**EXERCISE DIRECTIONS**
Word for word, write the lines below out again, with no pictures.

★ ★ ★ ★

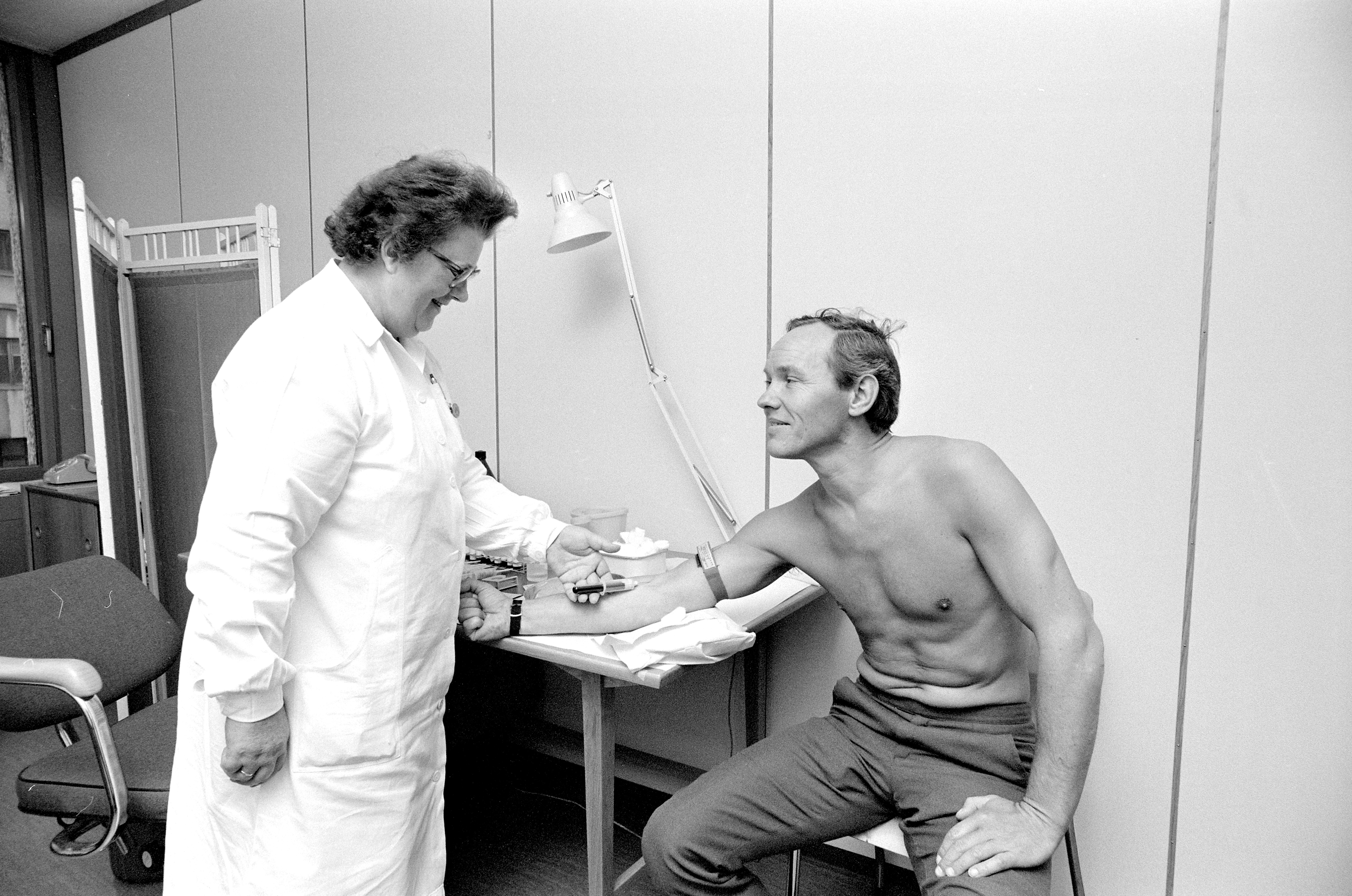 Hvordan er det med hjertet? Den store Oslo-undersøkelsen som tok sikte på å kartlegge og forebygge risikoen for hjerteinfarkt blant menn i alderen 40-49 år. Til sammen ble cirka 30 000 menn innkalt. Undersøkelsen var den første i sitt slag i verden ut fra omfanget av opplegg, størrelse og målsetting. Ved Oslo helseråd foretok de også veiing og måling. Sykepleier Ester Andersen tar her blodprøve av Roger Vilbo.
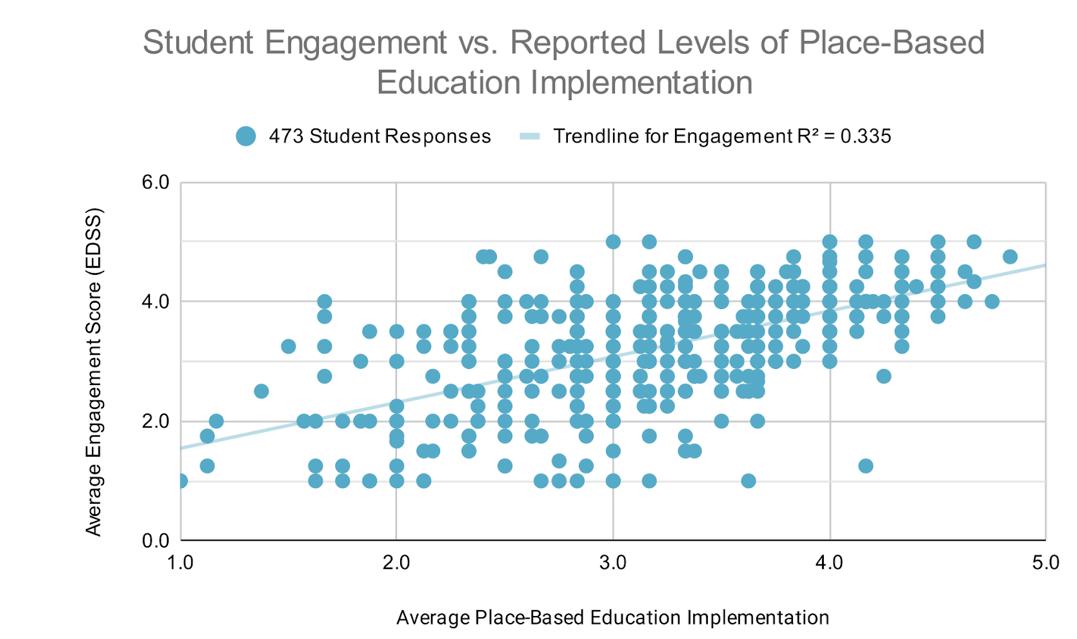 Our most recent data suggests that teachers who are using more placebased education generally report a higher overall sense of well-being across dimensions such as self-efficacy, affect, the quality of teacher-student interactions, and finding meaning in the work that they do. Our team is committed to investigating this relationship with further evaluation.
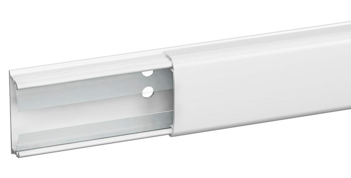 OptiLine mini-duct for high- and low-voltage power lines; hole-punched bottom section. Plastic version approved for single-insulated cable. Please use a screw E1534909, which has an insulating collar. Tape installation only for low voltage. Removal requires tools.
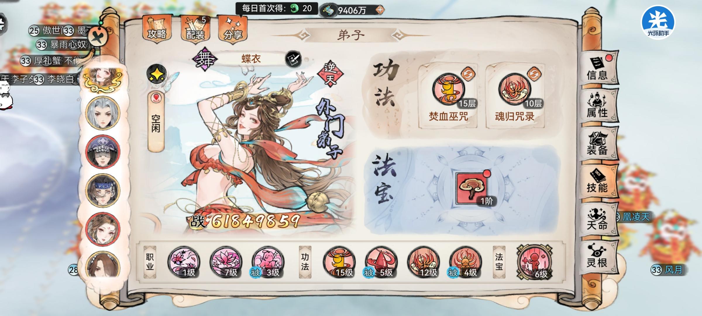 (4)除唐蝶衣以外其他弟子不需要复活功法,因此携带焚血巫咒用来提高一些输出能力。
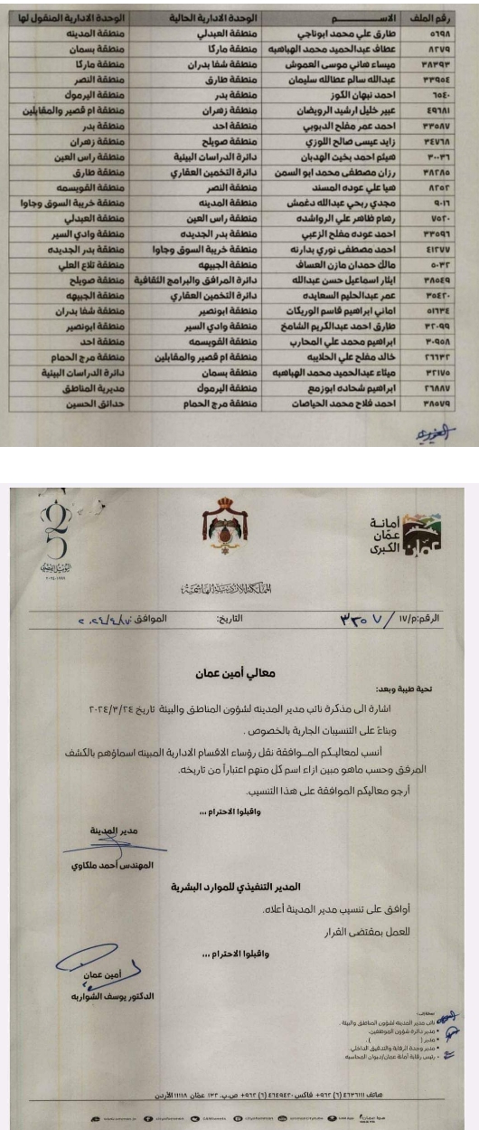 عاجل-نقل 25 رئيس قسم في أمانة عمان - أسماء

★ ★ ★ ★

**EXPECTED ANSWER**
 Hvordan er det med hjertet? Den store Oslo-undersøkelsen som tok sikte på å kartlegge og forebygge risikoen for hjerteinfarkt blant menn i alderen 40-49 år. Til sammen ble cirka 30 000 menn innkalt. Undersøkelsen var den første i sitt slag i verden ut fra omfanget av opplegg, størrelse og målsetting. Ved Oslo helseråd foretok de også veiing og måling. Sykepleier Ester Andersen tar her blodprøve av Roger Vilbo.
 Our most recent data suggests that teachers who are using more placebased education generally report a higher overall sense of well-being across dimensions such as self-efficacy, affect, the quality of teacher-student interactions, and finding meaning in the work that they do. Our team is committed to investigating this relationship with further evaluation.
 OptiLine mini-duct for high- and low-voltage power lines; hole-punched bottom section. Plastic version approved for single-insulated cable. Please use a screw E1534909, which has an insulating collar. Tape installation only for low voltage. Removal requires tools.
 (4)除唐蝶衣以外其他弟子不需要复活功法,因此携带焚血巫咒用来提高一些输出能力。
 عاجل-نقل 25 رئيس قسم في أمانة عمان - أسماء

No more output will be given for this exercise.